The required output is the exact run of lines in the listing below from the line holding "Vandaag gingen de" through the line holding "Loewe brings signature", with no pictures.

Dataset extract:
--

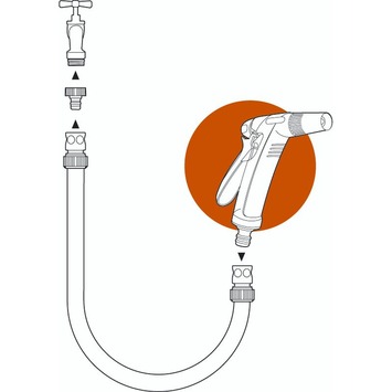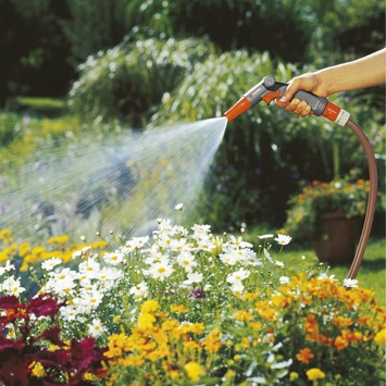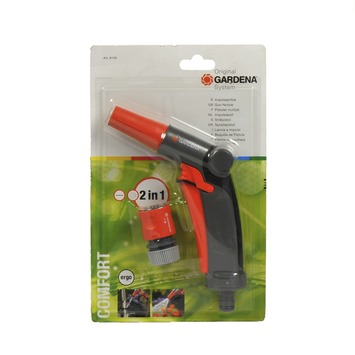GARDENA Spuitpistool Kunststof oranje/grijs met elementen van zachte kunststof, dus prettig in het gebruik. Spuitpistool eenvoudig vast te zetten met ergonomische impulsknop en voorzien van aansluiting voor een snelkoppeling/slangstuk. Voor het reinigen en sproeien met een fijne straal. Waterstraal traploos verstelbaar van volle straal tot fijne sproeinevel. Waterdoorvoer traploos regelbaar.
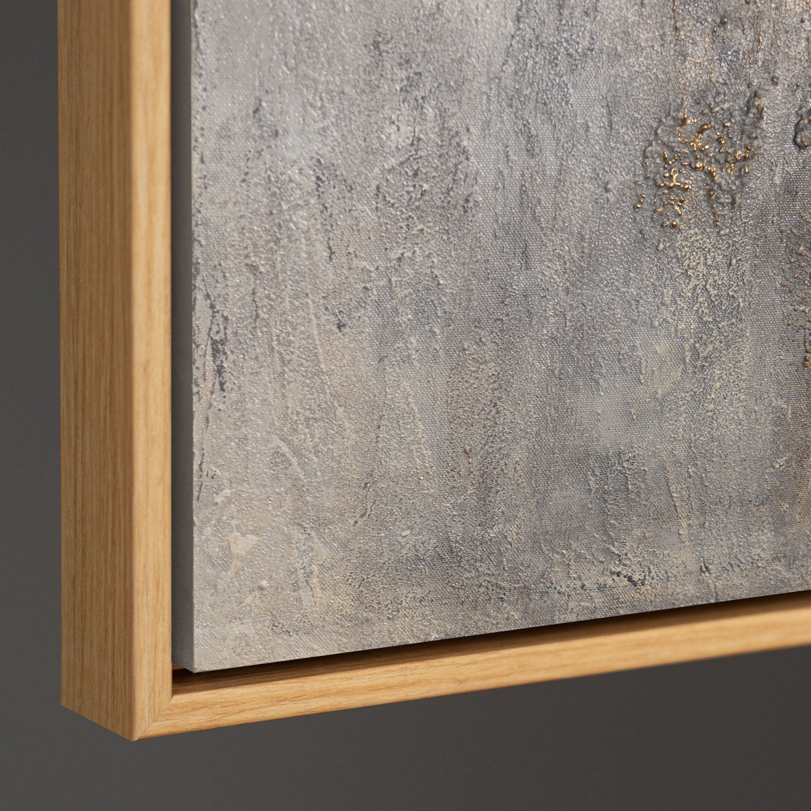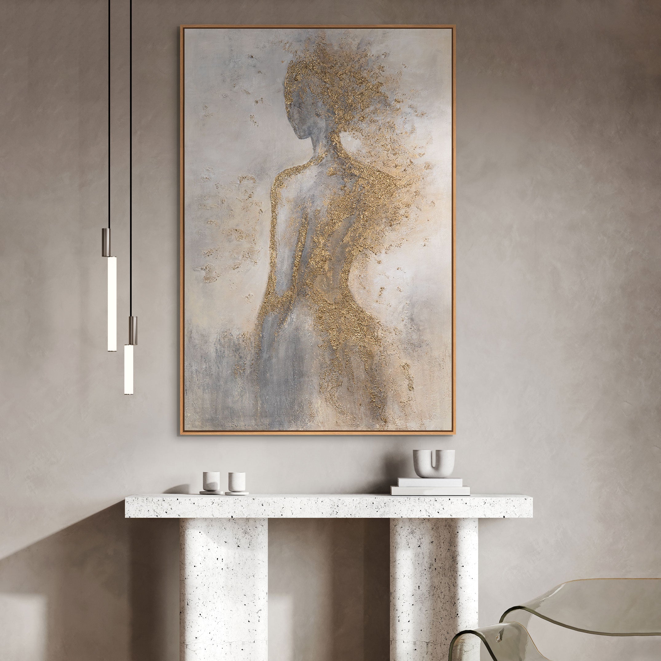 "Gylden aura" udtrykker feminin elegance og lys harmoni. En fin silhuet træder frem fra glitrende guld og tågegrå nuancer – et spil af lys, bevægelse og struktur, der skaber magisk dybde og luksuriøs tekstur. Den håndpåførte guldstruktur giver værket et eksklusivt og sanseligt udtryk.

--

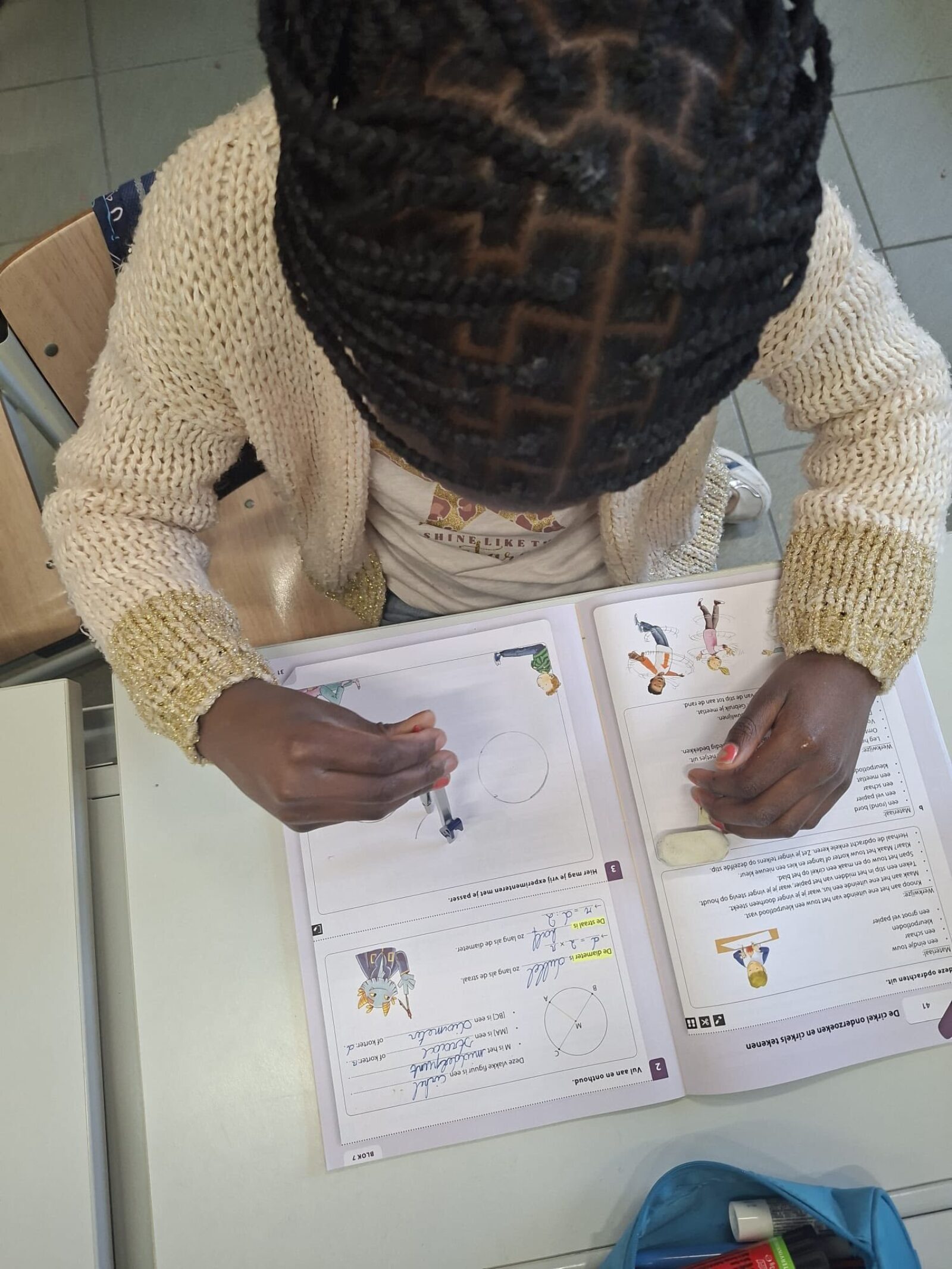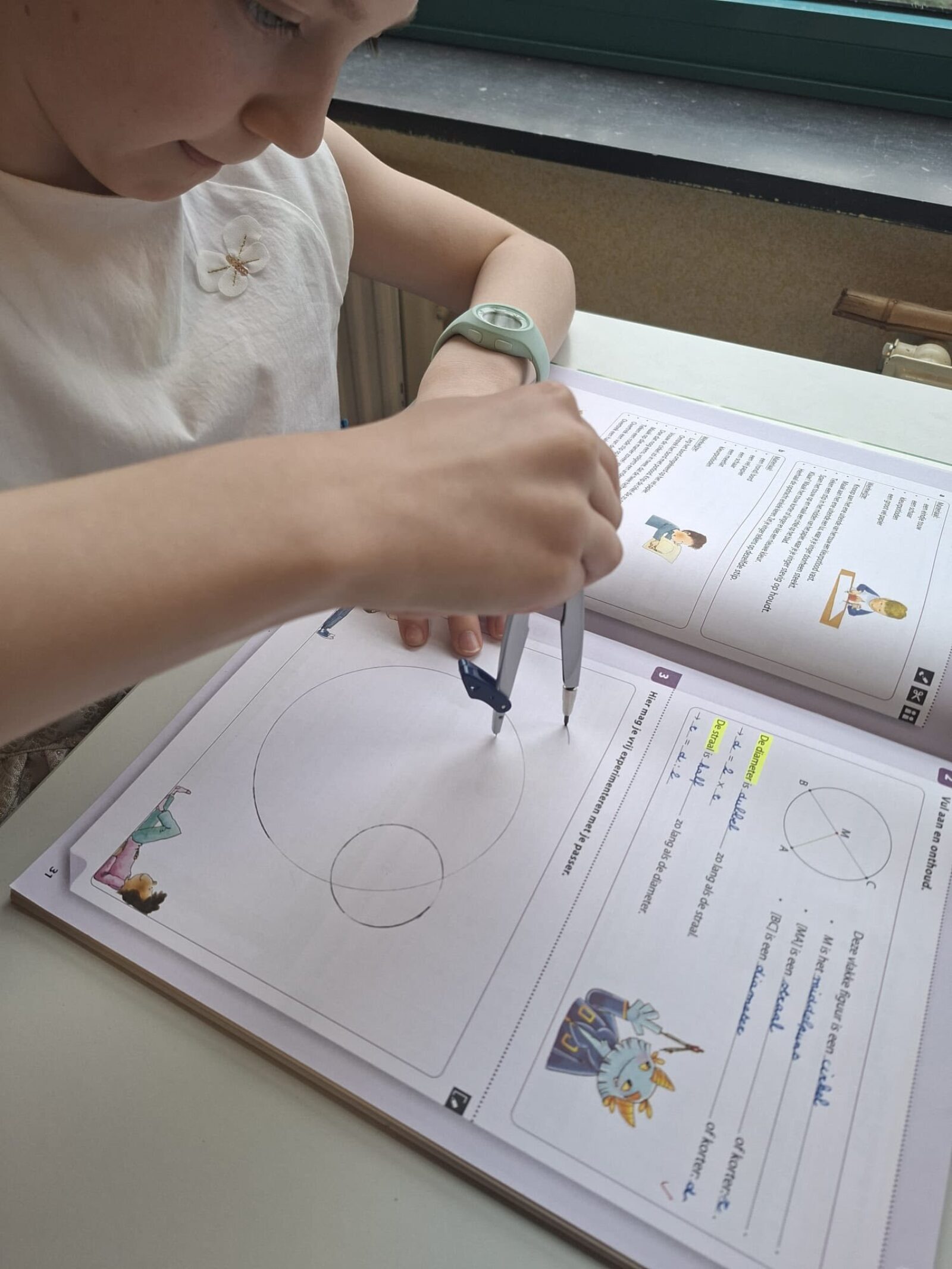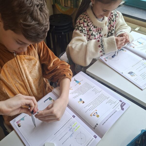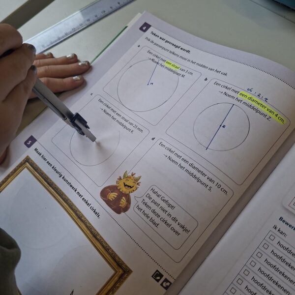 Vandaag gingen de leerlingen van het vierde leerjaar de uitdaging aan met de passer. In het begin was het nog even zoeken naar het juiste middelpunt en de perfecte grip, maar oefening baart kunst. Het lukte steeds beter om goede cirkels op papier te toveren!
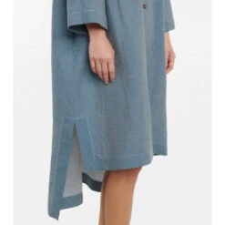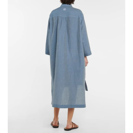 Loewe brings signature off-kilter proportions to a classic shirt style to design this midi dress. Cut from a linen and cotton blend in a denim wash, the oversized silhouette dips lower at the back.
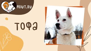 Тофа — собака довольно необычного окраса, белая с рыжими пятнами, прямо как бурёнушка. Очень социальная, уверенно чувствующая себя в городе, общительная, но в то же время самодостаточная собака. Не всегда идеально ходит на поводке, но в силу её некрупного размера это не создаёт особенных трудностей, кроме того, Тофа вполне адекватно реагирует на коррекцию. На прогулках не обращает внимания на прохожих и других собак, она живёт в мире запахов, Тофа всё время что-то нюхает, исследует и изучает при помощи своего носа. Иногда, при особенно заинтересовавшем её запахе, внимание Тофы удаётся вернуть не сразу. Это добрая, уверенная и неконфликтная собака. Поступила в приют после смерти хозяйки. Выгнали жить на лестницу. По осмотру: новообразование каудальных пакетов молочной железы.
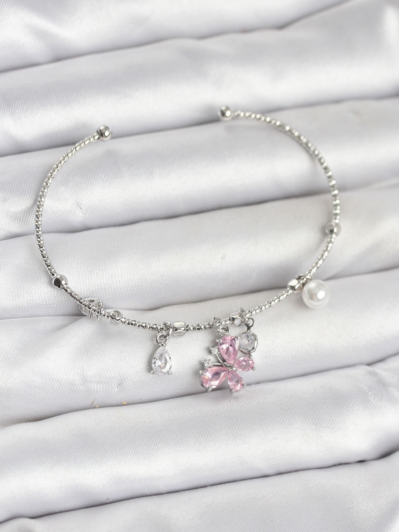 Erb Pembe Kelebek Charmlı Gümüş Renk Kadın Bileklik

--

Response area:
 Vandaag gingen de leerlingen van het vierde leerjaar de uitdaging aan met de passer. In het begin was het nog even zoeken naar het juiste middelpunt en de perfecte grip, maar oefening baart kunst. Het lukte steeds beter om goede cirkels op papier te toveren!
 Loewe brings signature off-kilter proportions to a classic shirt style to design this midi dress. Cut from a linen and cotton blend in a denim wash, the oversized silhouette dips lower at the back.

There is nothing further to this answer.